In the NNFX system, confirmation indicators are used in combination with primary indicators and other filters to create a trading system that is robust and reliable. By using multiple indicators to confirm trading signals, the system aims to reduce the risk of false signals and improve the overall profitability of the trades.

**What is a Continuation indicator?**

In the NNFX (No Nonsense Forex) trading system, a continuation indicator is a technical indicator that is used to confirm a current trend and predict that the trend is likely to continue in the same direction.

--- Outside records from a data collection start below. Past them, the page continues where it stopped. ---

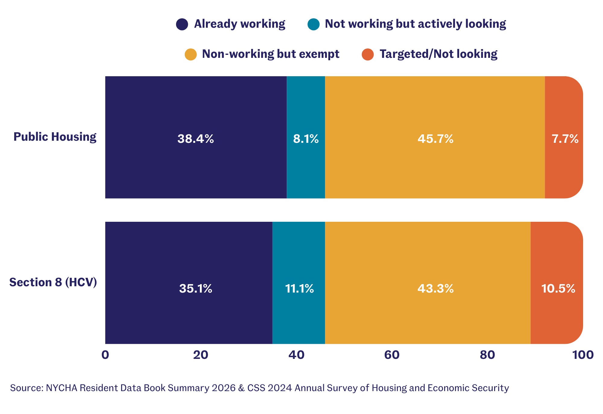The numbers do not justify strict work requirements. Across the roughly 143,000 Public Housing and Section 8 households in NYCHA, nearly 55,000 already contain at least one working adult. Once explicitly exempt populations—such as seniors, individuals with disabilities, caregivers for young children, and enrolled students—are factored in, the pool of non-working, non-exempt adults plummets.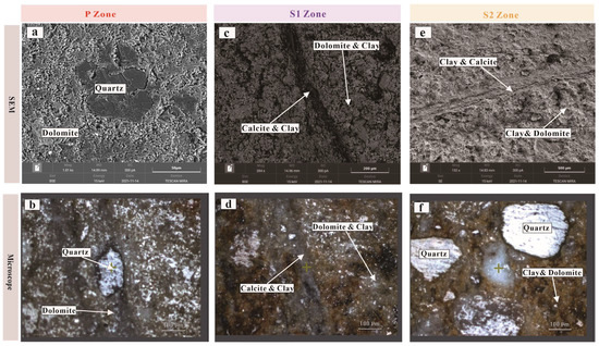 Comparative analysis of mineralogy with varying degrees of weathering. (a) SEM image of the P zone, revealing a dense matrix and quartz grains. (b) SEM image of the S1 zone, showing a more porous matrix and fractures. (c) SEM image of the S2 zone, displaying an even more porous and cavernous matrix, with the fillings in fractures resembling the matrix. Fillings in the fractures were identified as calcite through energy-dispersive spectroscopy. (d) Microscopy image of the P zone, displaying a relatively dense, bluish-gray matrix with quartz grains visible. (e) Microscopy image of the S1 zone, distinctly showing a yellowish-brown matrix with a decrease in bluish-gray dolomite minerals. (f) Microscopy image of the S2 zone, observing a significant increase in quartz grains, leading to a cloudier matrix, alongside residual milky white dolomite.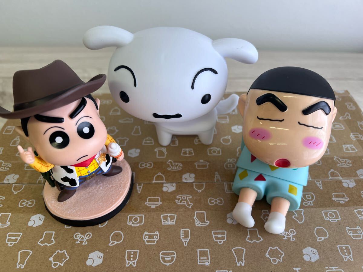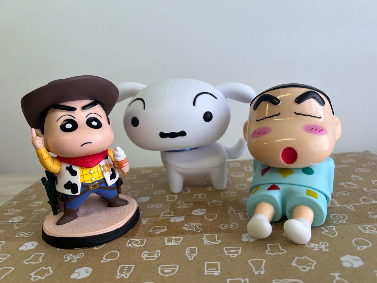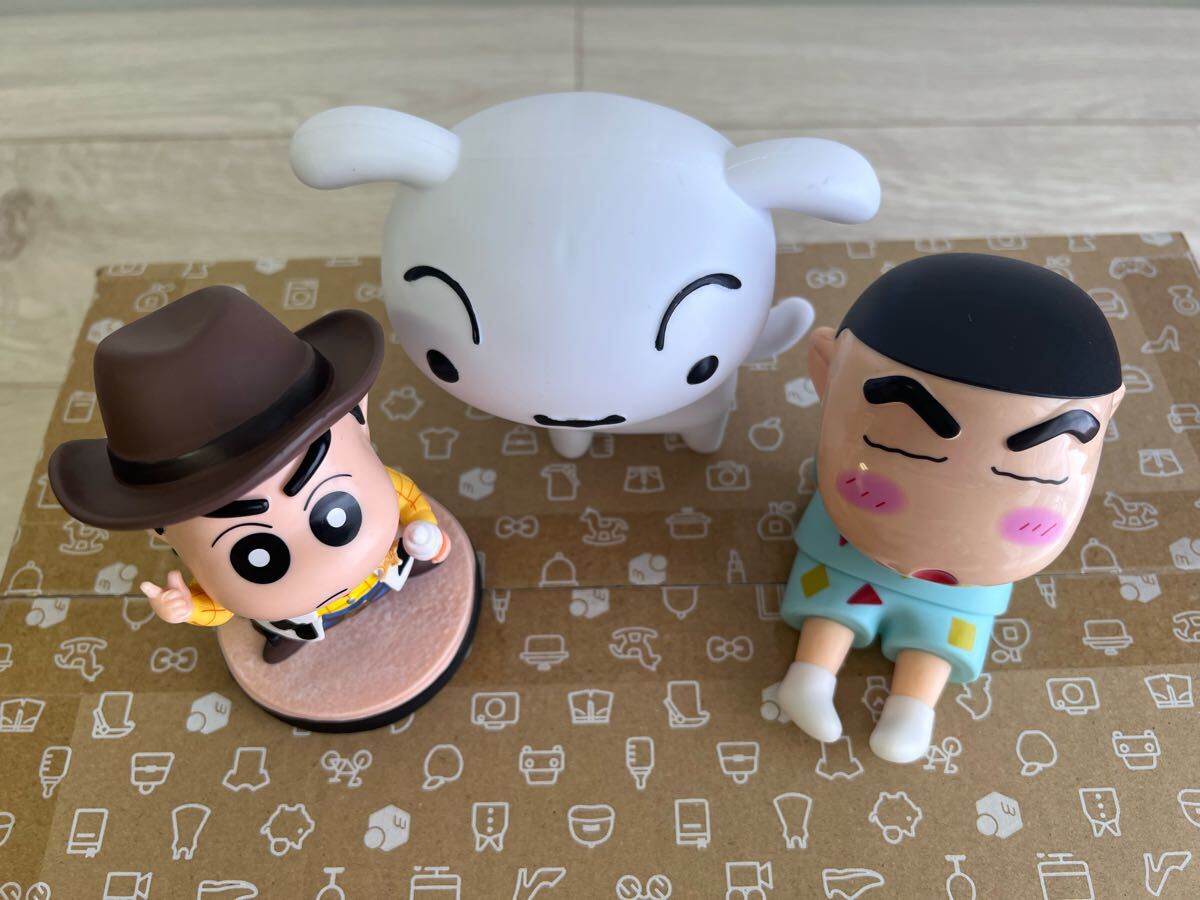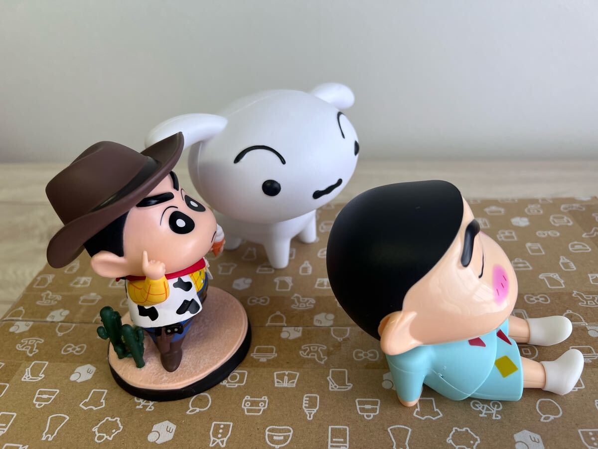 かわいいシロとスマホスタンドのしんちゃん、カウボーイしんちゃんフィギュア3体セット。

A continuation indicator is typically used in conjunction with other indicators in the system, such as a baseline indicator, to provide a comprehensive trading strategy.

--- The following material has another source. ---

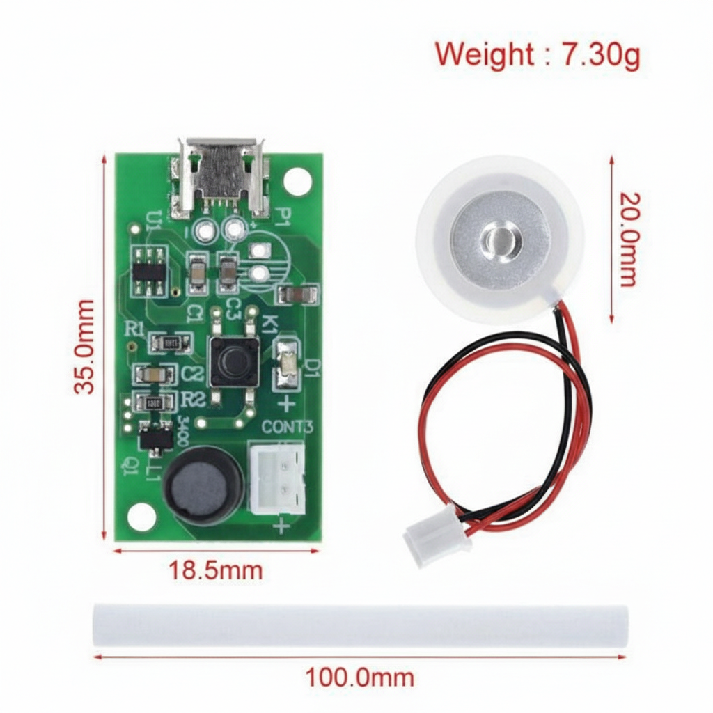 This kit includes a control circuit board, atomization films, and absorbent cotton cores, allowing users to build custom humidifiers, aroma diffusers, or fog effects for small enclosed spaces. Ideal for electronics hobbyists, students, and DIY innovators.

**What is a Volatility/Volume indicator?**

Volume indicators, such as the On Balance Volume (OBV), the Chaikin Money Flow (CMF), or the Volume Price Trend (VPT), are used to measure the amount of buying and selling activity in a market. They are based on the trading volume of the market, and can provide information about the strength of the trend. In the NNFX system, volume indicators are used to confirm trading signals generated by the Moving Average and the Relative Strength Index. Volatility indicators include Average Direction Index, Waddah Attar, and Volatility Ratio. In the NNFX trading system, volatility is a proxy for volume and vice versa.

By using volume indicators as confirmation tools, the NNFX trading system aims to reduce the risk of false signals and improve the overall profitability of trades. These indicators can provide additional information about the market that is not captured by the primary indicators, and can help traders to make more informed trading decisions. In addition, volume indicators can be used to identify potential changes in market trends and to confirm the strength of price movements.

**What is an Exit indicator?**

The exit indicator is used in conjunction with other indicators in the system, such as the Moving Average (MA), the Relative Strength Index (RSI), and the Average True Range (ATR), to provide a comprehensive trading strategy.

The exit indicator in the NNFX system can be any technical indicator that is deemed effective at identifying optimal exit points. Examples of exit indicators that are commonly used include the Parabolic SAR, the Average Directional Index (ADX), and the Chandelier Exit.

The purpose of the exit indicator is to identify when a trend is likely to reverse or when the market conditions have changed, signaling the need to exit a trade. By using an exit indicator, traders can manage their risk and prevent significant losses.

In the NNFX system, the exit indicator is used in conjunction with a stop loss and a take profit order to maximize profits and minimize losses. The stop loss order is used to limit the amount of loss that can be incurred if the trade goes against the trader, while the take profit order is used to lock in profits when the trade is moving in the trader's favor.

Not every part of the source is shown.